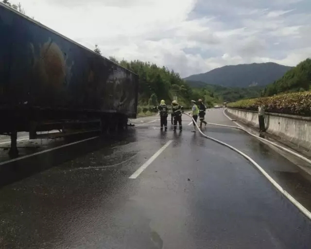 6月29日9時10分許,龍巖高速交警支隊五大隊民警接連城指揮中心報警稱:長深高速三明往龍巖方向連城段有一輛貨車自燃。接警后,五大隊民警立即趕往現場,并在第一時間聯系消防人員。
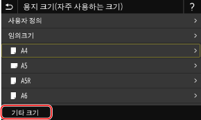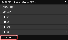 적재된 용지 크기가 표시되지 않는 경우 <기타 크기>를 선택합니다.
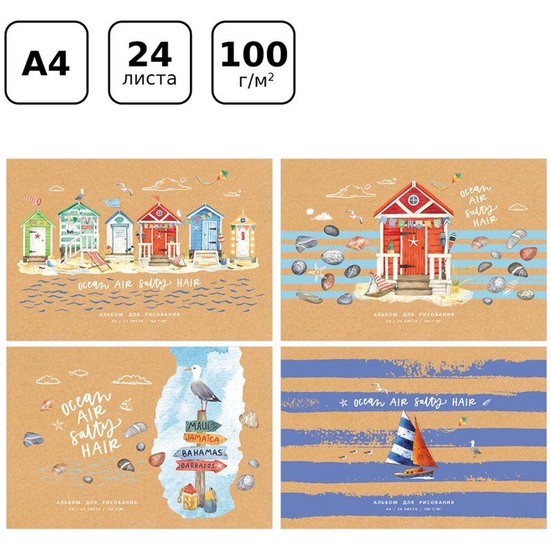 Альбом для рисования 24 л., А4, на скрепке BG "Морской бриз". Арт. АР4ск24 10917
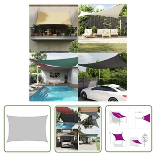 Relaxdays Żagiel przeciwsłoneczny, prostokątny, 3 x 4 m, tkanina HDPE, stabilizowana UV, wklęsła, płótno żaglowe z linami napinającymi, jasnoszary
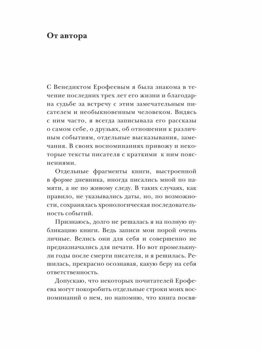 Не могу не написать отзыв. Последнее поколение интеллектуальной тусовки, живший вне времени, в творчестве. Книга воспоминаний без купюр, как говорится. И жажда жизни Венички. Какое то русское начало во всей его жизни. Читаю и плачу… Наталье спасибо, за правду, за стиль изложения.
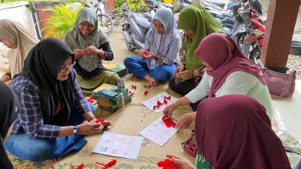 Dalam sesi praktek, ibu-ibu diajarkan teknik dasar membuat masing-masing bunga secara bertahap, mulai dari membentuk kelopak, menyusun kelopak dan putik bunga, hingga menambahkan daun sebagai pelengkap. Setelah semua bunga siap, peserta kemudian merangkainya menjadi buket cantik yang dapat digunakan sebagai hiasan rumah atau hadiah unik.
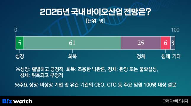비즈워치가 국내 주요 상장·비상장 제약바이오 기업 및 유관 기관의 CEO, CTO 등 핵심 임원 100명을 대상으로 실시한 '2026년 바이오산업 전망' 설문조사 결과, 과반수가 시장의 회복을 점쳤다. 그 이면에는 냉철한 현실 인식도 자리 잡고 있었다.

· · ·

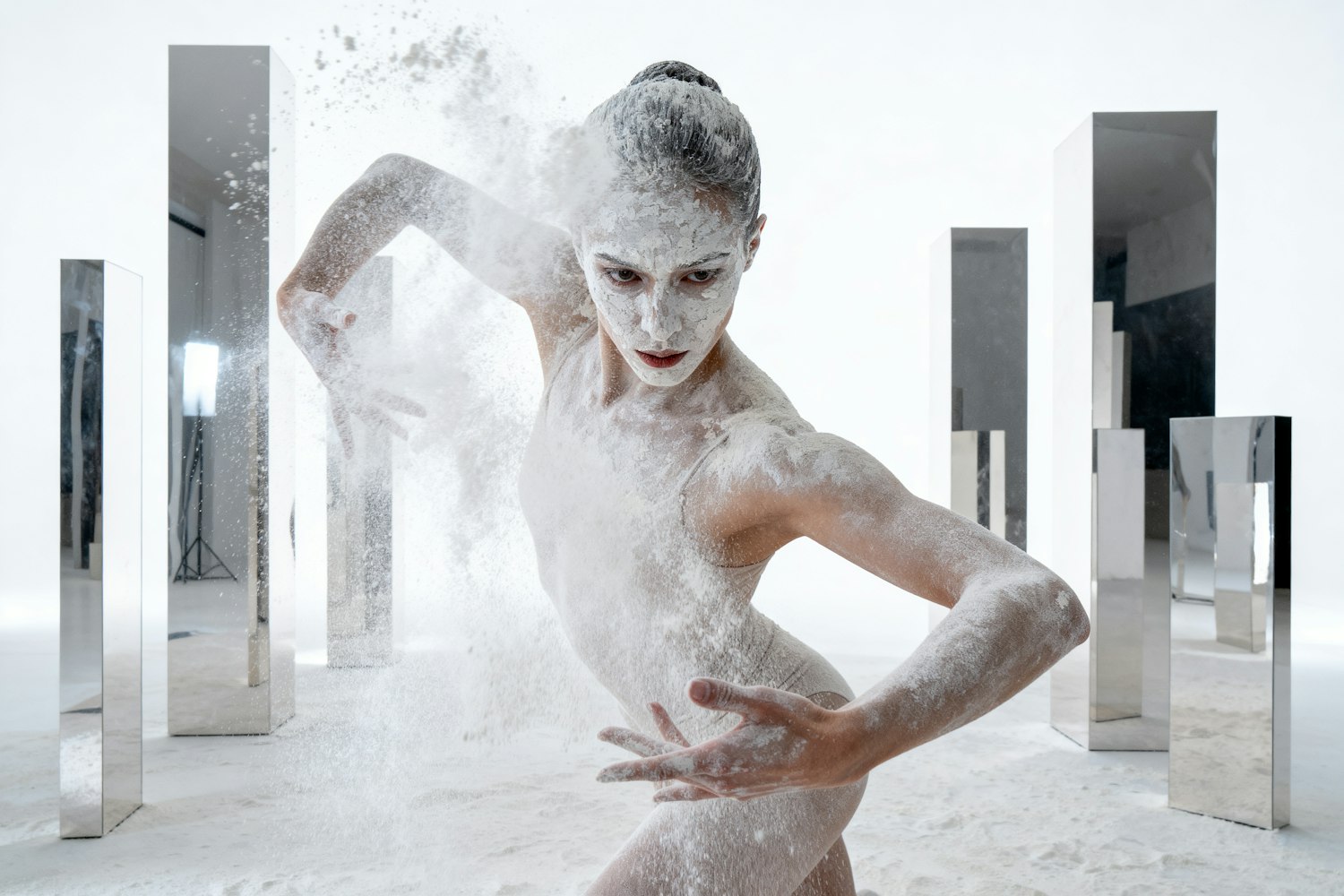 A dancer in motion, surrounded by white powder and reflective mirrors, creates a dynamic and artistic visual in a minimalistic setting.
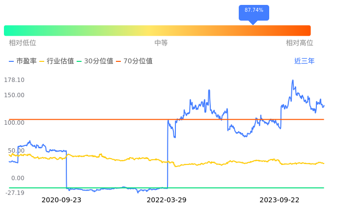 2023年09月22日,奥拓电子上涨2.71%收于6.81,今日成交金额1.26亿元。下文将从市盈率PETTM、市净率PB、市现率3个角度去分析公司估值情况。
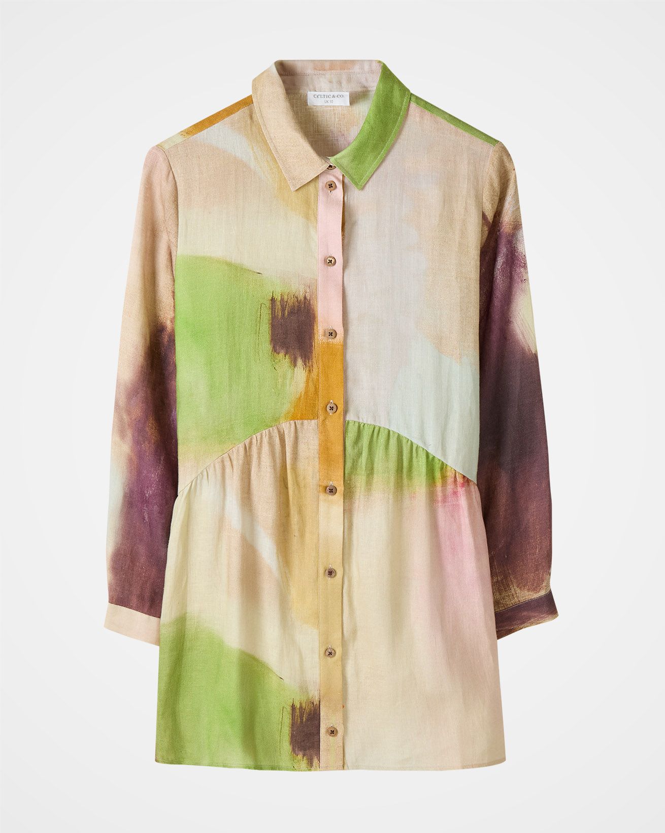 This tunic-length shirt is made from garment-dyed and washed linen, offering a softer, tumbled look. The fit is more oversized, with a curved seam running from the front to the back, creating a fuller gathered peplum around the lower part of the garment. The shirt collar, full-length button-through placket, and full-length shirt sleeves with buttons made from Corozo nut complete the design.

· · ·

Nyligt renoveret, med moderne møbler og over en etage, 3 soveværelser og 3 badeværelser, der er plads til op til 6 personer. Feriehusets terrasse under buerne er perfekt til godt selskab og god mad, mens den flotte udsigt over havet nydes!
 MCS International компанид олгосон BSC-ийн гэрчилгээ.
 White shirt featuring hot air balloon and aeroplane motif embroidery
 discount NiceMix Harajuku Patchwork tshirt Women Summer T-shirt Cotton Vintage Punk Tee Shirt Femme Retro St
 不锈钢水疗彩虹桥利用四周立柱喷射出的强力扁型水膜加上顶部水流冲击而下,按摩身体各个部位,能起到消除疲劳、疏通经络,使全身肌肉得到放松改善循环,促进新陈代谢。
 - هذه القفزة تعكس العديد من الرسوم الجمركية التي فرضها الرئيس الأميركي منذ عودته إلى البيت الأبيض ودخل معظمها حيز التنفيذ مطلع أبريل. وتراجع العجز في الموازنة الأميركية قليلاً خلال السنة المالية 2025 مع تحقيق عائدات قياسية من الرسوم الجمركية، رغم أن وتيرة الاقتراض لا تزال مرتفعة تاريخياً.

· · ·

REQUIRED WORK
From the entries above, give again exactly the lines running from the line with "Nyligt renoveret, med" to the line with "- هذه القفزة"; include both of those lines.

EXPECTED ANSWER
Nyligt renoveret, med moderne møbler og over en etage, 3 soveværelser og 3 badeværelser, der er plads til op til 6 personer. Feriehusets terrasse under buerne er perfekt til godt selskab og god mad, mens den flotte udsigt over havet nydes!
 MCS International компанид олгосон BSC-ийн гэрчилгээ.
 White shirt featuring hot air balloon and aeroplane motif embroidery
 discount NiceMix Harajuku Patchwork tshirt Women Summer T-shirt Cotton Vintage Punk Tee Shirt Femme Retro St
 不锈钢水疗彩虹桥利用四周立柱喷射出的强力扁型水膜加上顶部水流冲击而下,按摩身体各个部位,能起到消除疲劳、疏通经络,使全身肌肉得到放松改善循环,促进新陈代谢。
 - هذه القفزة تعكس العديد من الرسوم الجمركية التي فرضها الرئيس الأميركي منذ عودته إلى البيت الأبيض ودخل معظمها حيز التنفيذ مطلع أبريل. وتراجع العجز في الموازنة الأميركية قليلاً خلال السنة المالية 2025 مع تحقيق عائدات قياسية من الرسوم الجمركية، رغم أن وتيرة الاقتراض لا تزال مرتفعة تاريخياً.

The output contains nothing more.